[Raw data — start]

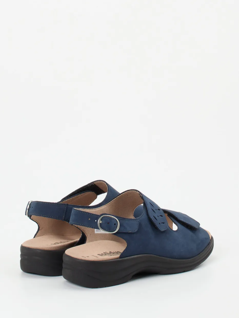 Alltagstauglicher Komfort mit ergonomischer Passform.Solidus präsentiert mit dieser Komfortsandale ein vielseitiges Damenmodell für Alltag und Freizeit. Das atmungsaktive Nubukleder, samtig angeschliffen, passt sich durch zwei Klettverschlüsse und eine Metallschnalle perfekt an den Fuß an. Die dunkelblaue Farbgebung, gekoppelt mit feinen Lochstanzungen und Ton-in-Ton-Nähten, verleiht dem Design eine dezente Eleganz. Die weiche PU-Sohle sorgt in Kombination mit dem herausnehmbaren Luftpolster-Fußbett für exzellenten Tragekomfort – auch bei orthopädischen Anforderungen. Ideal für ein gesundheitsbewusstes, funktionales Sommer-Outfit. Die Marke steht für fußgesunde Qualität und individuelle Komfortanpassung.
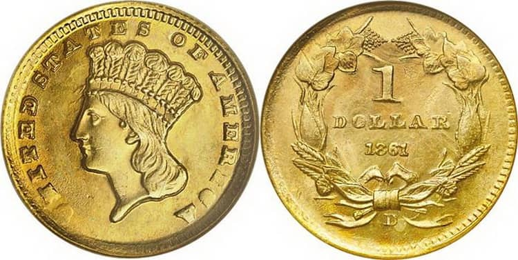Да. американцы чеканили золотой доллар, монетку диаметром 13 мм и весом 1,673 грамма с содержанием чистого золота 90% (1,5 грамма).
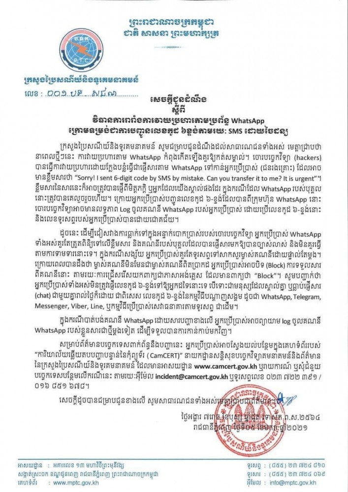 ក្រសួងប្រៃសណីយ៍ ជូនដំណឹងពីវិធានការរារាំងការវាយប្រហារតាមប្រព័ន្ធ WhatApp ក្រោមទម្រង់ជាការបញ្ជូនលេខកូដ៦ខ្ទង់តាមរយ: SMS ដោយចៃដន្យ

[Raw data — finish]

Work required: Transcribe exactly the span of lines from the line holding "Да. американцы чеканили" through the last line above, both included. Pictures stay out.

Finished exercise:
Да. американцы чеканили золотой доллар, монетку диаметром 13 мм и весом 1,673 грамма с содержанием чистого золота 90% (1,5 грамма).
 ក្រសួងប្រៃសណីយ៍ ជូនដំណឹងពីវិធានការរារាំងការវាយប្រហារតាមប្រព័ន្ធ WhatApp ក្រោមទម្រង់ជាការបញ្ជូនលេខកូដ៦ខ្ទង់តាមរយ: SMS ដោយចៃដន្យ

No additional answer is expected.